To this point, we need to clarify that we did not “calculate and map WSS,” as stated in DeCampli’s commentary1 on our study.2 Rather, we derived estimates of wall tensile stress to acquire new knowledge pertaining to in vivo aortic biomechanics in the human ascending aorta. Wall tensile stress pertains to stress within the aortic wall and is mediated by the distention of the aorta as a result of blood pressure. This stress acts within the aortic wall and stretches the wall tissue to accommodate aortic shape change during the cardiac cycle.3,8 Wall tensile stress is therefore distinct from WSS, which arises as a result of the friction of flowing blood against the luminal surface of the aortic wall. Transthoracic echocardiography and computed tomographic angiography are therefore facile, noninvasive methods to derive and make useful new information on in vivo aortic wall biomechanics in patients before a dissection event occurs, thus opening up potentially impactful strategies for aortic risk mitigation.

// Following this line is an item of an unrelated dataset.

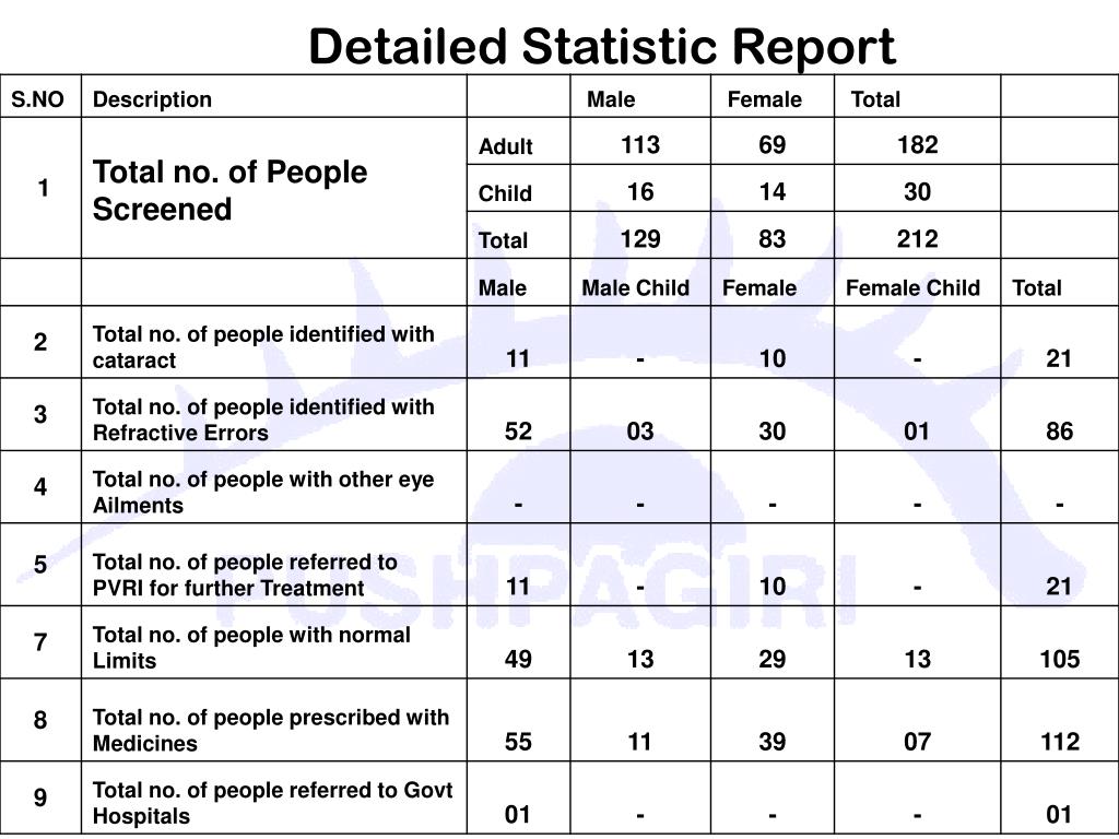 Dr.Ranganath : OphthalmologistCol. Ramana Rao : Manager - ProjectsN.Karunakar : Camp CoordinatorYadagiri : Camp CoordinatorY.Nagaraju : OptometristShiva Prasad : Field OrganizerNagaraju : Field Organizer PVRI TEAM Members

We assert that noninvasive imaging–derived in vivo biomechanical metrics such as WSS2,6 and longitudinal wall tensile stress2 when considered alongside other important parameters in the aortic wall reported by our group and others, including but not limited to matrix microarchitectural features and extracellular matrix remodeling,912 cellular function,13,14 and tensile and delamination strength,1518 could be used in concert for making more accurate determinations of dissection risk (eg, Figure 1).

FIGURE 1.

FIGURE 1.

Ascending aortic longitudinal stress maps of predissection CTAs with the discerned location of dissection as determined by preoperative CTA overlaid in black. (Color scale correlates with degree of longitudinal stress and stiffness, see reference 2.)

Acknowledgments

Dr Gleason serves on Abbott’s Medical Advisory Board and is the national principal investigator of an Abbott and Cytosorbants clinical trial unrelated to this work. His institution receives research support from Medtronic and Boston Scientific. None of these sources of commercial support are related to this work.